Revolution at the Table: The Transformation of the American Diet
For most Americans in the 19th century, it wasn't what you ate, but how much you ate, that mattered. Late in the century, doctors wrote books like How To Be Plumb and the voluptuous woman was the ideal. The famed actress Lillian Russell, considered by many the epitome of beauty, weighed almost two hundred pounds. Today, in contrast, Americans seem obsessed with calories, diets and slimness, and with eating healthful amounts of vitamins, minerals, fats and proteins. What sparked this remarkable revolution in the way we eat.
As historian Harvey Levenstein points out, the great American food revolution really occurred between the years 1880 and 1930. Focusing on this pivotal half-century, Levenstein provides a vivid account of the people and social forces that redirected the American diet, spiced with colorful portraits of the reformers, scientists, businessmen, faddists and hucksters who promoted or exploited the eating revolution. Here we meet the MIT chemist Ellen Richards and the "scientific" home economists who failed to change workers' diets, but then succeeded with the middle class...the wealthy faddist Horace Fletcher, the Great Masticator, advocate of a low-protein diet and "thorough mastication" (over 100 chews per mouthful)...the social workers who despaired over immigrants' eating habits, particularly their love of spicey, one-pot dinners...the flamboyant Dr. John Harvey Kellogg, and his brother William, who invented corn flakes as a vegetarian health food...and Elmer McCollum, who discovered vitamins A and D, and who was later hired by General Mills tout the nutritional benefits of white bread.

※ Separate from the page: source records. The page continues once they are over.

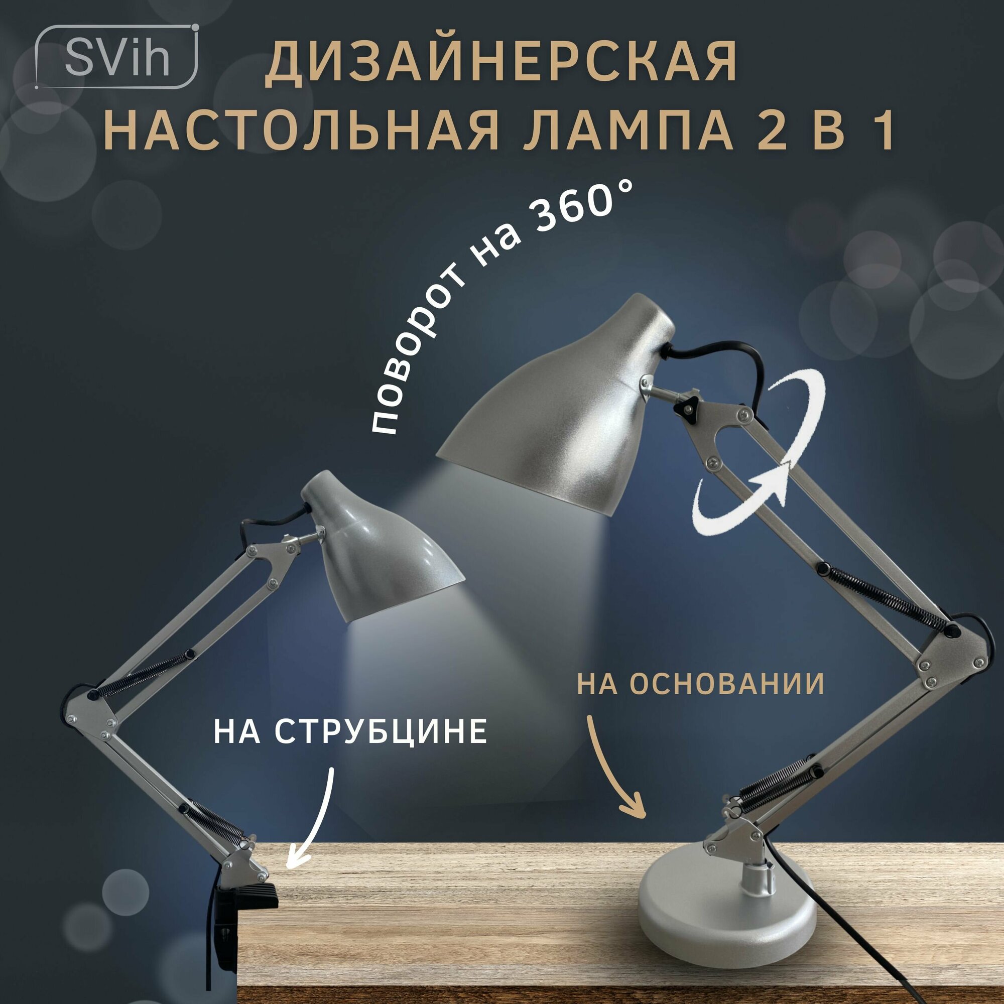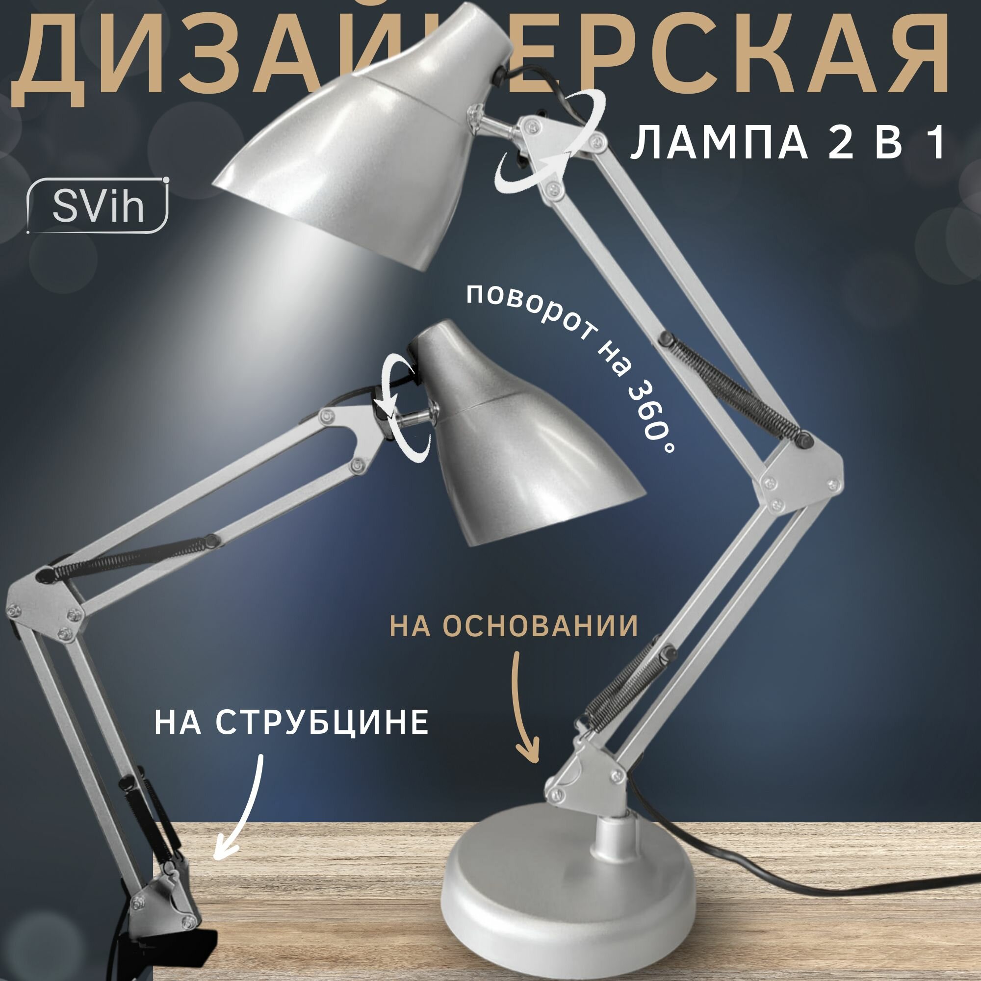 Настольная лампа SVih, E27, 60 Вт, с регулировкой наклона и высоты, на струбцине
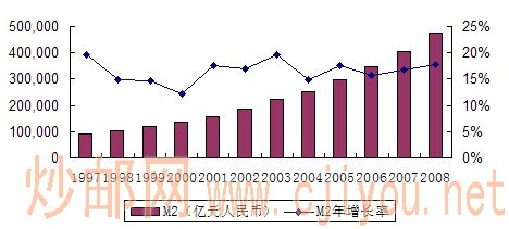 那中国是用什么来购买美元的呢?那就是人民币。而这导致过去二十年人民币的增加量是不可思议的数字。从1997年至2008年复合增长率达到16.21%,货币供应量M2为47.5166万亿元人民币,净增量38.4171万亿元人民币(80.85%)。对比外汇储备的净增量(按6.5963汇率),仍有26.5036万亿元人民币的增量。
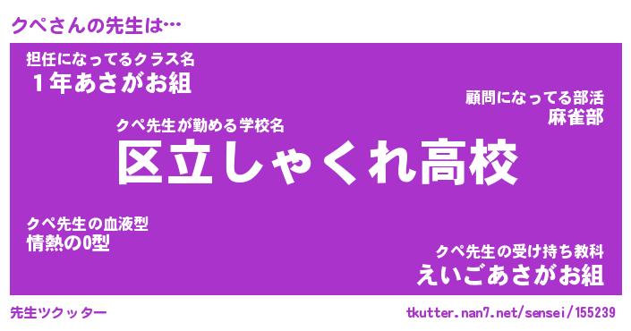 | ファンタジー風あだ名 | 『クペフェル』『エターナルクペー』 |

Levenstein serves up fascinating insights into the social, economic, and political forces that spurred the eating revolution--urbanization, immigration, technological and agricultural advances, and the changing role of women in society. He examines how nutritional science developed in America; how Prohibition's ban on wine helped destroy French cuisine in America; how changes in women's work, marriage, and the family led to lighter, time-saving meals; and how giant food corporations used massive advertising budgets to change the way Americans prepared foods.
By 1930, the eating habits of Americans had undergone an incredible metamorphosis. For anyone who has ever wondered why we eat what we eat, and why we sometimes change, this wide-ranging, colorful social history offers some illuminating and even surprising answers.